The product these universities produce (along with professional sports team) is entertainment. The ultimate in pershiables. If the consumer doesn't believe the sport is competitive, no one watches. If no one watches, the money is shut off. If the free market were let to run, the rich schools eventually would have all the good players and the outcomes would become predictable. The same goes in every professional sports area: NFL salary caps, NBA salary caps, the "rules" of NASCAR (which are all geared to make the sport cheaper to maintain the competition), same with IRL, and baseball is coming along the same way. Universities are no different. Each conference engages in revenue sharing, even if only one or two of the teams really generate any interest. But to be a champion, one needs (credible) competitors.

Eliminate the competition is the watchword of the "normal" abstract firm in economic ideology. But not all actors act in this way. Sports is a good example.

Which athletes are exploited? The female softball players? how about the hockey team? Track and field athletes?

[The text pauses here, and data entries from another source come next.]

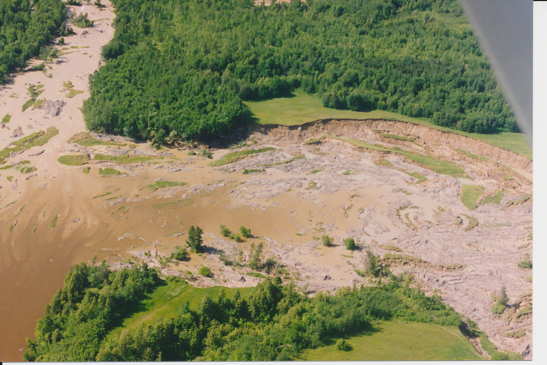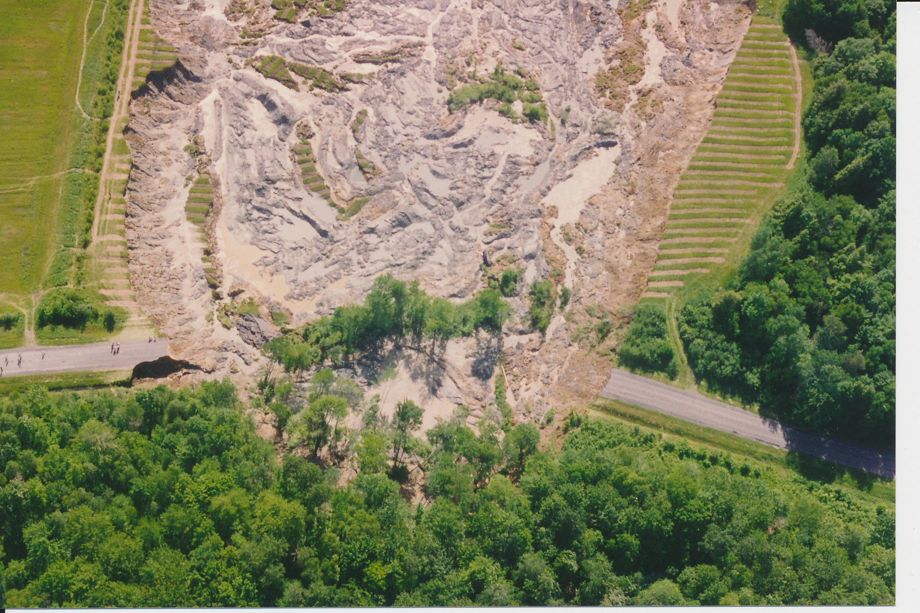 The most recent landslide occurred on June 20, 1993, five hundred metres from the main street of the former Hamlet of Lemieux. The failure involved 2.5 to 3.5 million cubic metres of sand, silt, and clay flowing into the South Nation Valley, inundating 3.3 km of the valley bottom and damming the South Nation River for four days. The landslide created a scar 320 m wide, 680 m in length, and 10 to 20 m deep.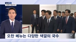 [뉴스추적] "다양한 색깔 국수로 통합 메세지"…여야 지도부 오찬 이모저모 【 앵커멘트 】 여야 지도부 오찬 회동 관련해서 대통령실 출입하는 선한빛 기자에게 좀 더 자세한 이야기 들어보겠습니다. 【 질문1 】 선 기자, 일단 회동 분위기가 어땠는지 볼까요? 【 기자 】 오찬이나 만찬을 겸하는 정치인들의 회동 자리에선 식사 ... 25.06.22 19:00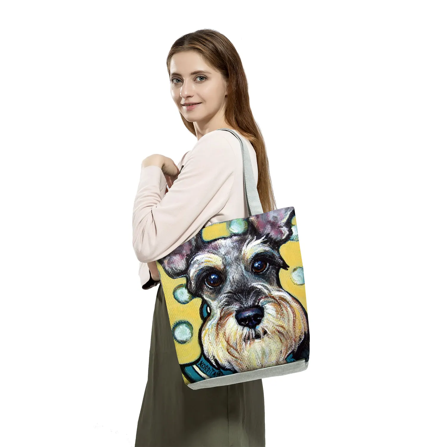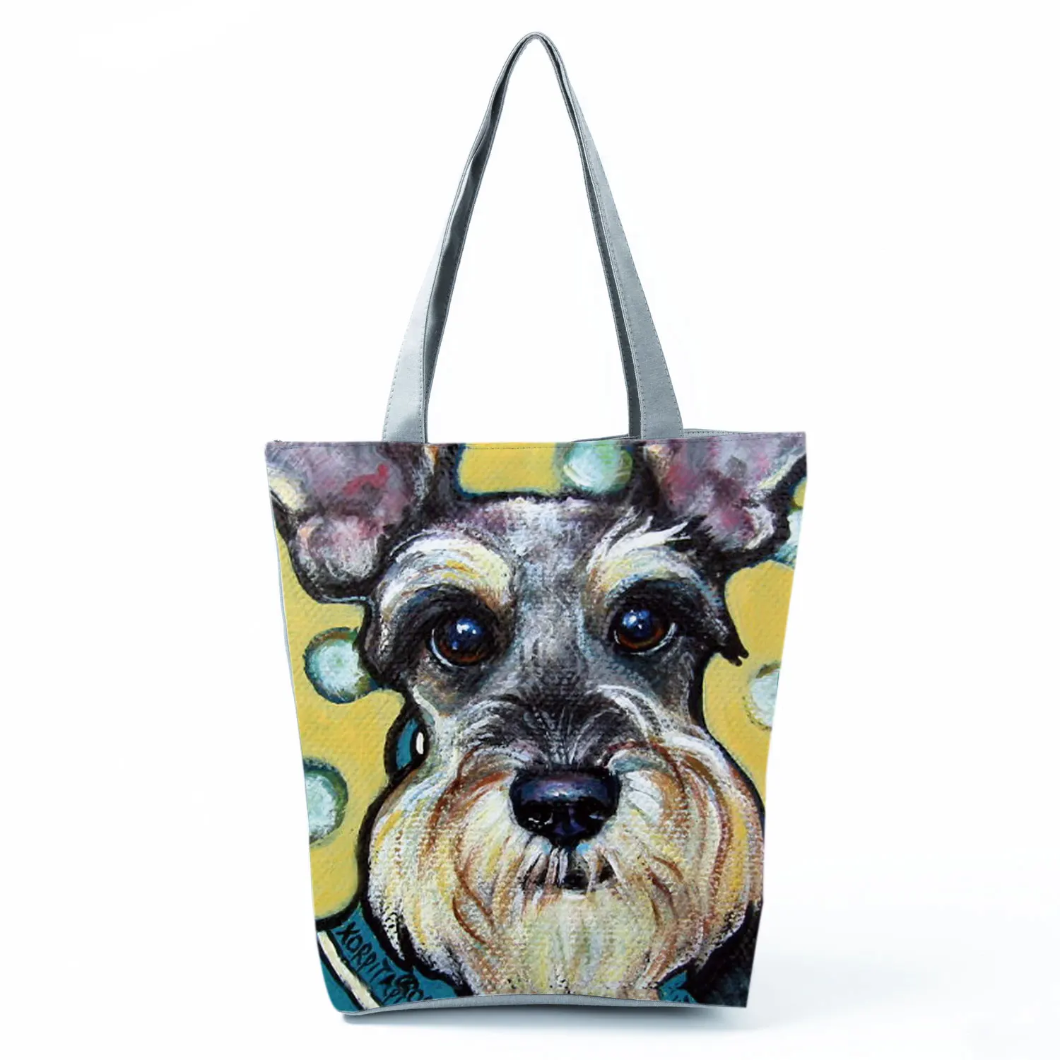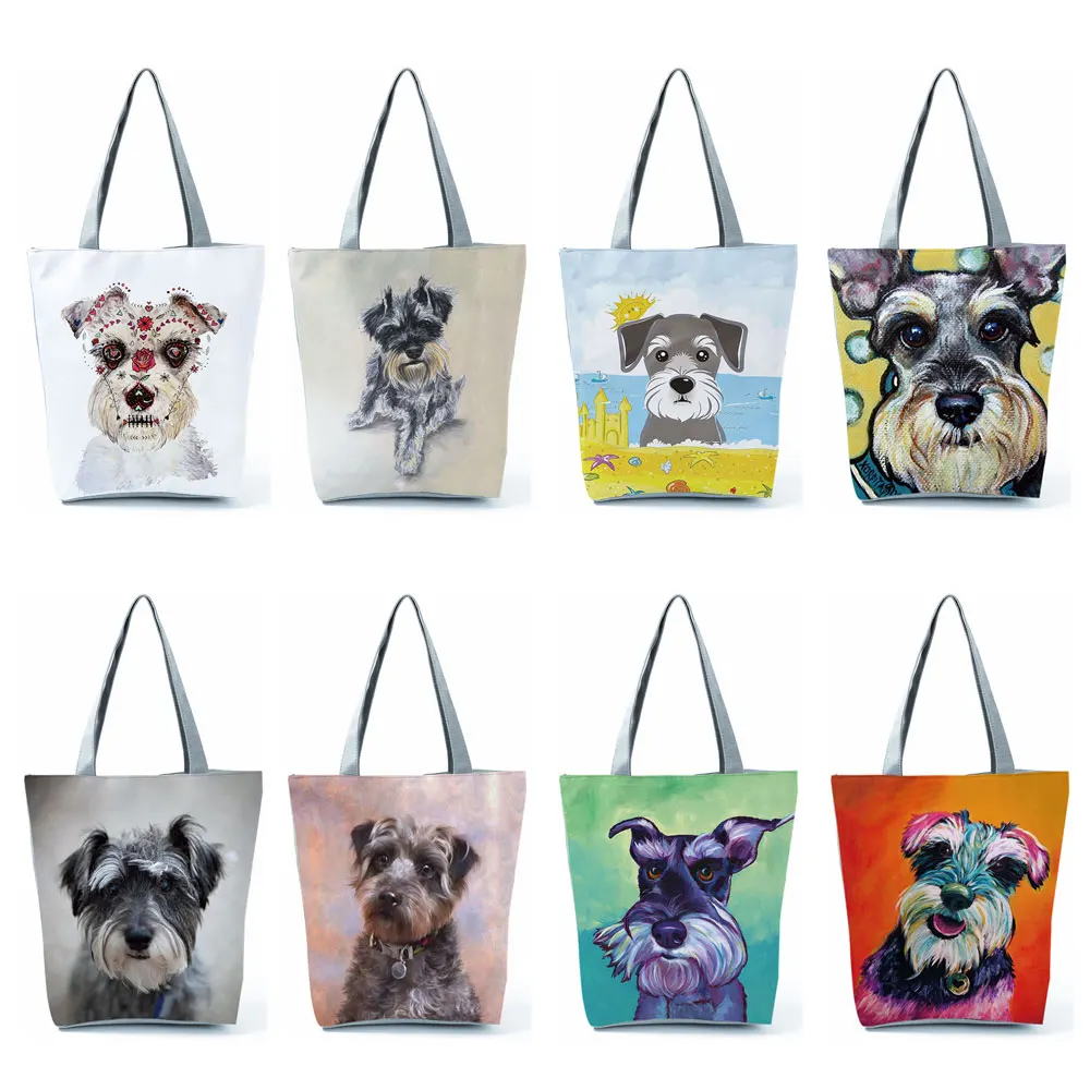 Прямая поставка, Schnauzer, сумки с рисунком собаки для женщин, женская Корейская сумка на плечо, повседневные сумки для покупок, большая вместительность, сумка-тоут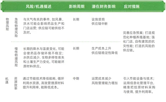 而在机遇方面,同仁堂则提到通过节能技术降低能耗,循环利用水资源,高效管理原材料提升利用率,降低成本。对此,同仁堂表示,引入节能设备与技术;运用信息化管理平台,精准把控原材料采购与使用,提升利用率。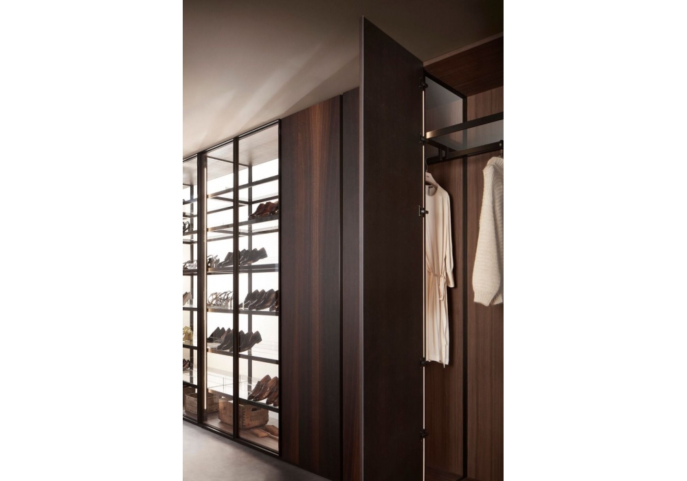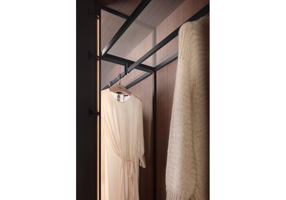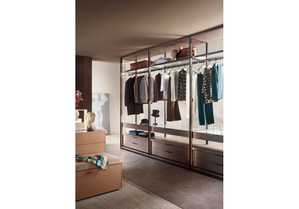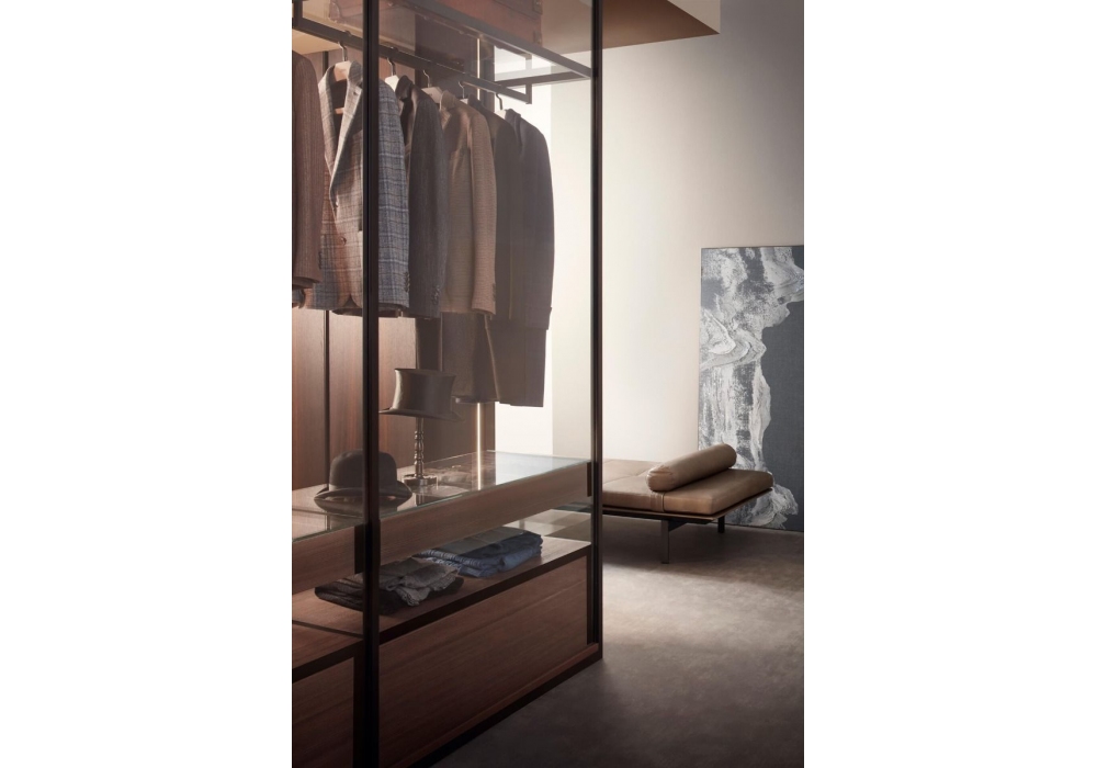 Armadio al Centimetro diseñado por Lema es un sistema modular con un marcado carácter contemporáneo, innovador desde el punto de vista tecnológico, resultado del desarrollo de un conjunto de cerramientos de aluminio, disponible en dos acabados: bronce y arena. El respaldo externo está cerrado por un respaldo de vidrio, que puede ser reemplazado por el tradicional panel posterior de melamina y está disponible en tres acabados de transparencia, en cuanto al lado del terminal: vidrio transparente extraligero, vidrio bronce reflectante y vidrio ahumado gris.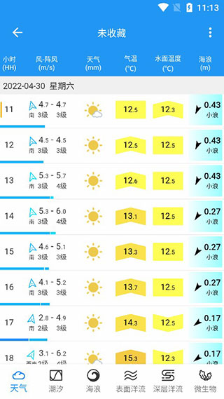 8第八项是查看天气相关的各项信息,包括逐小时的天气状况、风力与阵风情况、具体的天气现象、实时气温、水面的湿度数据以及海浪的状态。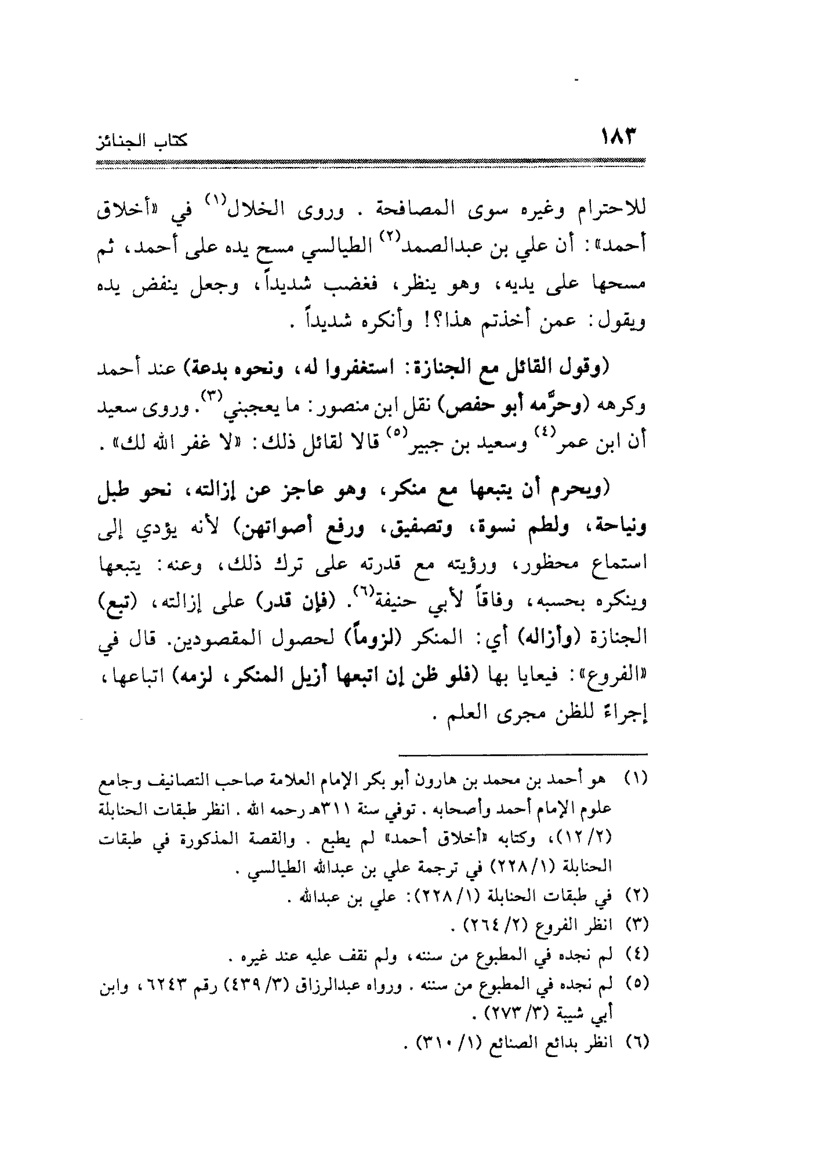 (¬١) هو أحمد بن محمد بن هارون أبو بكر الإمام العلامة صاحب التصانيف وجامع علوم الإمام أحمد وأصحابه. توفي سنة ٣١١ هـ رحمه الله. انظر طبقات الحنابلة (٢/ ١٢)، وكتابه "أخلاق أحمد" لم يطبع. والقصة المذكورة في طبقات الحنابلة (١/ ٢٢٨) في ترجمة علي بن عبد الله الطيالسي.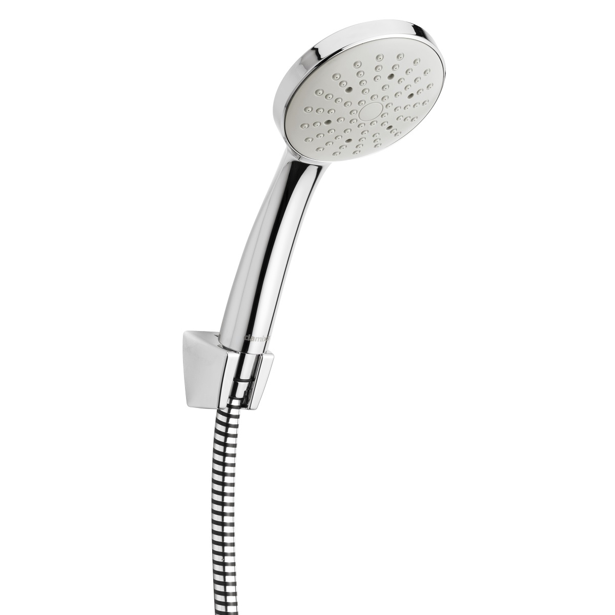 Håndusj med sparedyse på fast veggfeste. 1,5 meter slange. En innstilling på stråle. Gir maks 9 liter vann pr minutt.
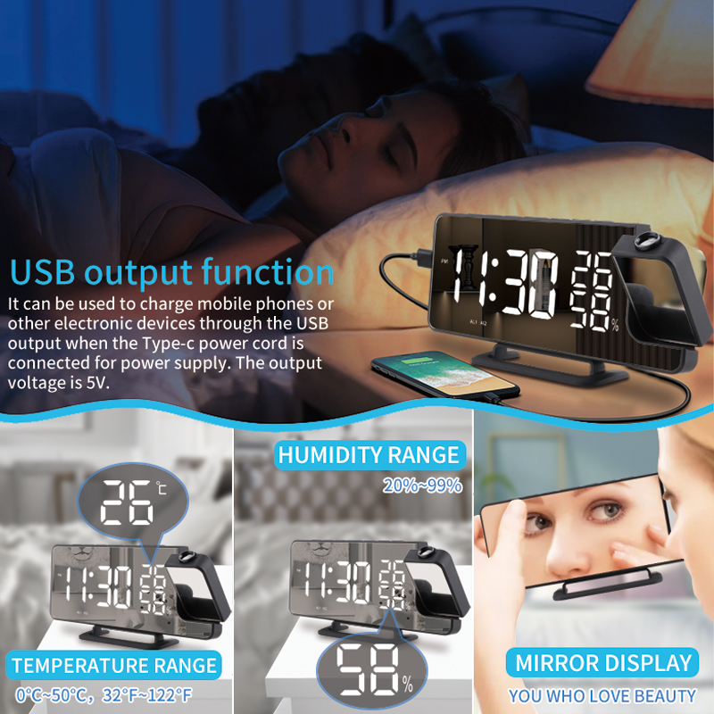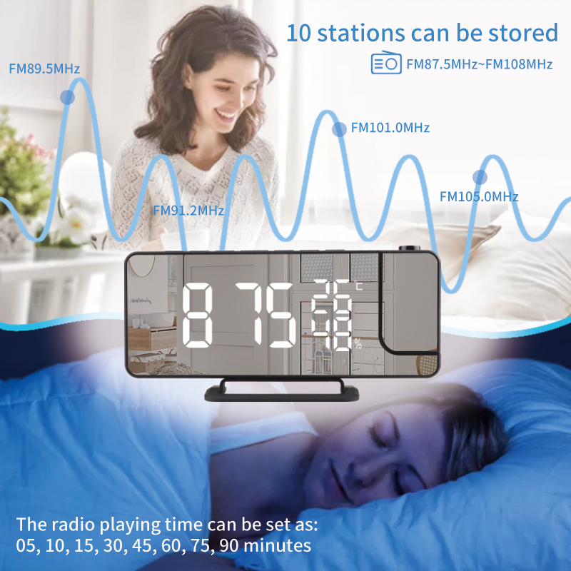 | Libellé | Réveil projecteur avec température Miroir/noir |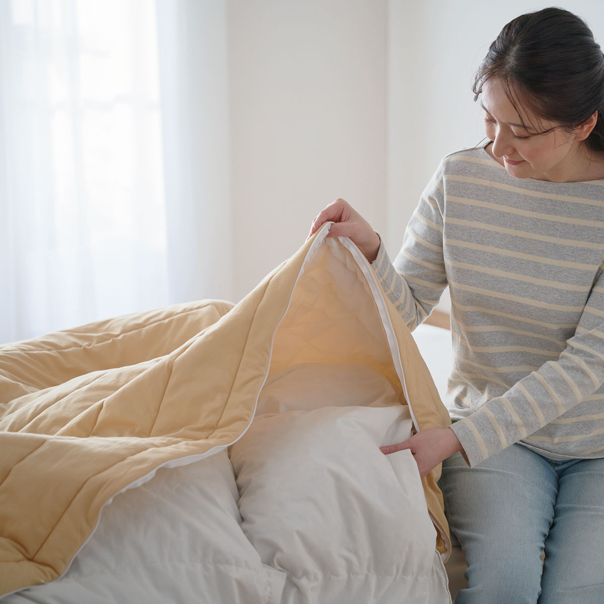 綿100%で気持ちいい! 掛け布団カバーにもなる、2WAY肌布団です。

Arguably, the only ones who are exploited are from the so-called revenue sports, football and men's basketball.

There is no question, that even for the few "soon to be" professional athletes, they are exploited, in the narrow accounting of what do you get for what we earn....the accounting in the short term. But how much is the value of the education and social capital gained from playing DI sports? An economic analysis would have to consider the future value of the education in terms of the "exploitation." I say this and I'm more sympathetic to arguments about exploitation and inequality than any free market ideologue.

For the record, I think college sports is corrupt as can be. has been for a long time, even before the big money flowed in. I'm all for the universities getting out of the entertainment sports business, pay the players as a minor league system for the NFL and NBA, it could be structured similar to the minors in baseball, with a limit of 4 years eligibility.

Leave ideology for religion.

1 comment:

Robert Guell said...

It seems to me that the NCAA rules with regard to recruiting and compensation of "students athletes" are in place to preserve a small shred of "student" in that term and to allow schools to comply with Title IX without going bankrupt. If there were a bidding war for a highly talented quarterback, there would be no money left over to provide scholarships or opportunities in other (non-revenue) sports.

My daughter is a perfect example of someone who is likely to be on the receiving end of this purposeful "exploitation." She is a very talented distance swimmer. Swimming is the very model of a non-revenue sport (in college swimming athletes typically outnumber spectators 10 to 1). Should a highly toughted quarterback or power forward subsidize my daughter's education? If your goal is economic efficiency, the answer is clearly no. That is not the goal. The goal is to provide educational opportunities to men and women from a variety of backgrounds.

Look at another issue: Social Security. If you look at it like an investment, using the "rate-of-return" metric you quickly discover that Social Security is a terrible retirement program to anyone under age 50 with earned income higher than the poverty level. Social Security's backers would say that it wasn't intended to be a good investment: it was intended to be an insurance policy.

The point is this: when you disagree on the yardstick, you'll disagree on the measurement everytime. College athletics is not about economic efficiency so if you measure it using the tools that measure economic efficiency, you'll come to conclusion that it is not economically efficient.